That is certainly insightful. One of the arguments against making staff permanent is that it changes the baseline so the head of school for example will have to balance any decision to make someone permanent with the prediction of how many students they’ll get and whether they can commit to that person. How can MMT challenge this thinking? Or to put it another way, if you were trying to argue to keep me in post, and you were told, sorry we can’t predict how many students we’ll have in the future so we can’t make that commitment at the present time, what would your approach be to that question, using MMT?

That argument from HOS is based purely on budgetary structures. If the university faces budgetary constraints, it may reasonably feel that its ability to employ staff on permanent contracts is limited by its inability to predict future student numbers. However, if the state uses its power to issue currency it can fully fund universities, irrespective of shortfalls in student numbers, allowing all staff who merit permanent appointment to be given a position. This would add to stability for students and staff alike and undeniably improve HE quality. Any decision to limit HE budgets by central government is again purely political. There is no valid economic reason to force universities to self-fund or operate on the tight budgets which prevent employing staff on permanent contracts. The state could eliminate this problem easily – given the correct understanding of monetary operations and the political will.

I often think that the short-termism is a false economy. Take my experiences as an example – I’ve worked at 4 UK universities in the past 7 years since gaining my PhD. I gained experience and developed my expertise at all of them. In addition, at three of those institutions, I was also given an annual budget towards scholarship – ranging from £700-£1,000 per annum. Some of that money went towards the costs of publishing my monograph, some towards conferences and so on.  Three of the four universities directly spent money on developing my career in terms of qualifications and training – two also covered the costs of undertaking teaching accreditations, taking me up to the level of a Senior Fellowship of the Higher Education Academy. Only months after gaining that senior accreditation I’m no longer in an academic post, arguably I’ve become too expensive to employ on a short-term basis. In spite of all that investment I am now working in another strand of education – taking my expertise elsewhere.  How can that make good economic sense? 

You are absolutely right! The greatest asset a nation has is the skills and motivation of its working population. The state’s job should be to pursue public purpose and ensure nobody ready, willing and able to contribute to human flourishing in society is deprived of that opportunity.

In your case, you are a talented and hard-working HE teacher and researcher with wide knowledge and experience and depriving you of the opportunity to contribute represents a failure to understands the nature of the system on the part of government.

The state could supply the necessary funding. As long as spare capacity exists (and it certainly does) the extra spending which might occur from more lecturers in secure employment will generate no inflationary pressure.

Let’s take this beyond the campus – if universities were to invest in staff on longer term or permanent contracts, how would that benefit the university sector and also the economy more widely? 
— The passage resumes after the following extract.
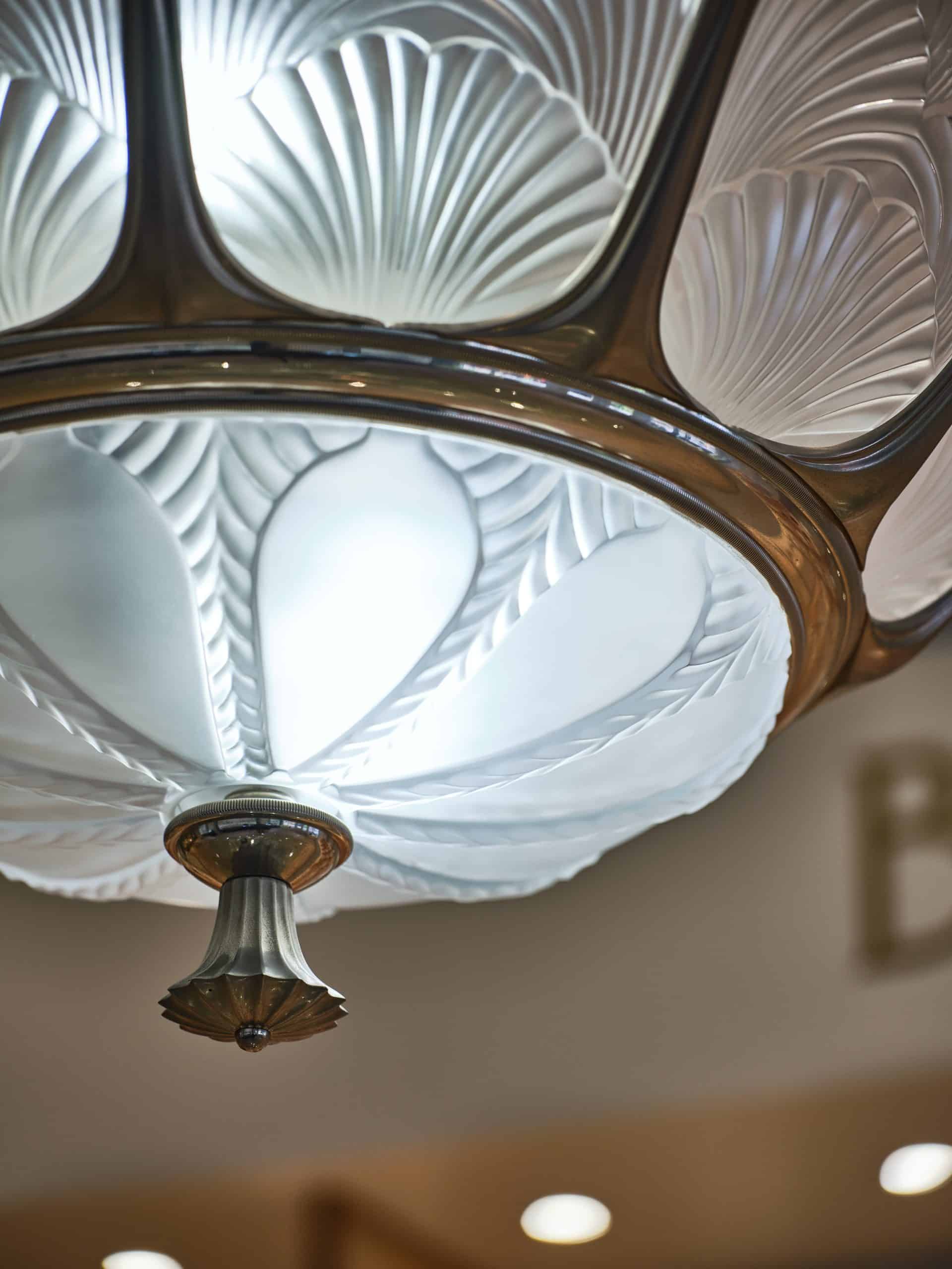 Tuyệt tác đèn chùm pha lê mang phong cách Art Deco, Ginkgo là cái bắt tay đẹp đẽ giữa hai ngôi nhà nghệ thuật Pháp: thiết kế cho khách sạn Liên lục địa (InterContinental) trứ danh từ 1930 của nhà chế tác kim loại Delisle gặp gỡ mô-típ lá ngân hạnh của Lalique.

Permanent contracts would provide more stability for depts and students and bring out the best in staff. They would lead to enhanced staff wellbeing; lecturers would be able to put down roots. Staff will necessarily become more productive. Having a more secure job helps build a strong research base and enhances the chances of building partnerships with local industry and other agencies. From an individual university perspective, offering permanent contracts helps attract the best staff which, in turn, leads to better student reviews, a superior research profile and a ‘virtuous circle’ of higher external support and funding, leading to further enhancement of the university’s position.  

Students surely benefit when taught by settled staff who are not constantly having to look for new positions. More broadly, a better-quality education leads to a more productive workforce both locally and nationally.

Finally, if you were trying to persuade university VCs to make staff permanent, get them to abandon the reliance on short-termism, how would you convince them? 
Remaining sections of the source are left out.